Единственное возможное топливо для его актерской машины по своей формуле противоположно счастью. Лишь на преодолении несчастий он научился строить свои, уже названные великими, роли. В миг, когда он любил и чувствовал, что любим, он был неудачен в своем актерствовании именно потому, что собственное счастье предательски выпирало из рисунка роли. И лишь став несчастным, едва не сломавшись тогда, в девяносто третьем, он стал успешен, абсолютно успешен, наиболее успешен из всех, кто выходил на старт вместе с ним.

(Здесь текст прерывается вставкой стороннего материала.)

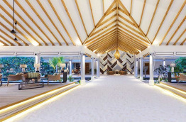Quand on débarque sur la jetée, on est accueilli dans un magnifique espace de réception, les pieds dans le sable, très haut de plafond et largement ouvert sur l’extérieur. La décoration est chic et sobre, tout comme le reste de l’hôtel.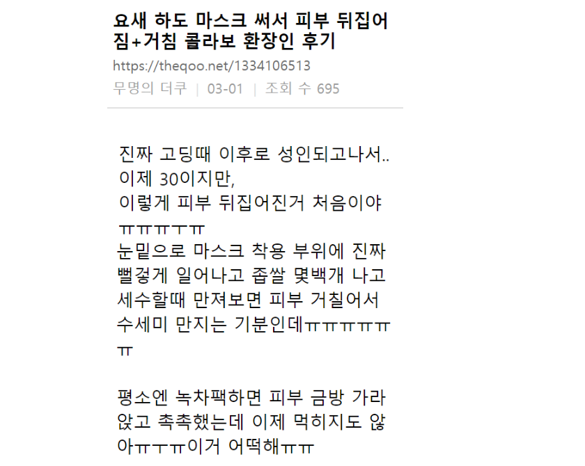 여러 커뮤니티를 통해서도 얼굴 트러블이 더 심해졌다고 고통을 호소하는 누리꾼들이 속출했다.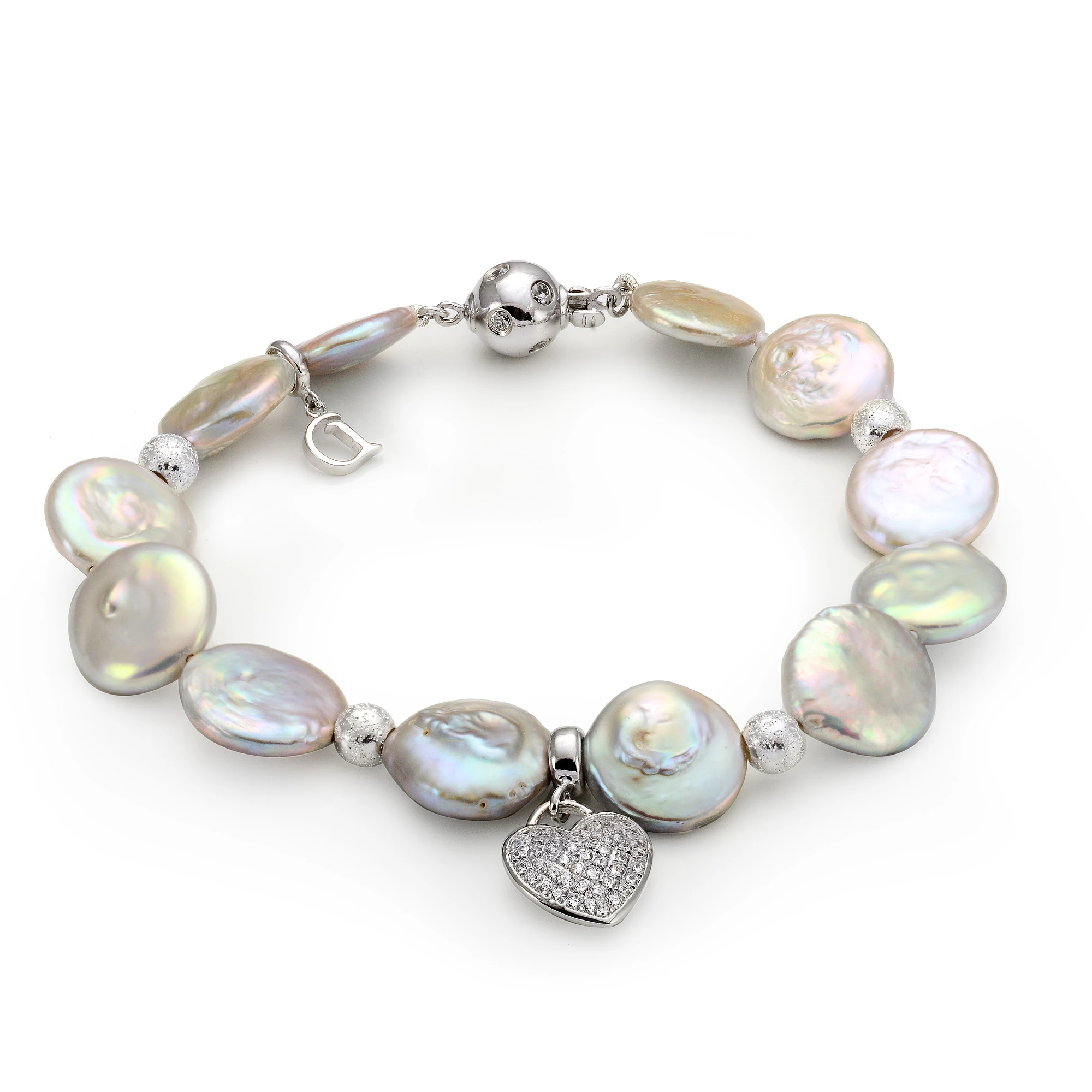 Классический браслет собран из жемчужин серебристого цвета, украшен вставками из серебра 925 пробы и подвеской «Сердце», украшенной фианитами.

Счастливый беззащитен. Счастливый светится своим счастьем. А он должен, вынужден, обязан светиться эмоцией, положенной ему для сегодняшней роли.

Любить не по роли это риск. И Андрей решил не рисковать. Решил не видеть Ленку, как она сама в девяносто третьем решила не видеть его. Решил сделать себе больно, очень больно, чтоб не стало еще больнее.

И тогда сломалась Ленка.

Внешне она вроде бы продолжала прежнюю, со стороны кажущуюся почти идеальной, жизнь. Семья, муж, двое прелестных детей, на работе от заказов отбоя нет, с деньгами все в порядке, еще чуть, и можно эту, оставшуюся от бабушки Вадима квартиру на большую в новом доме или на чуть поменьше, но в тихом центре, поменять.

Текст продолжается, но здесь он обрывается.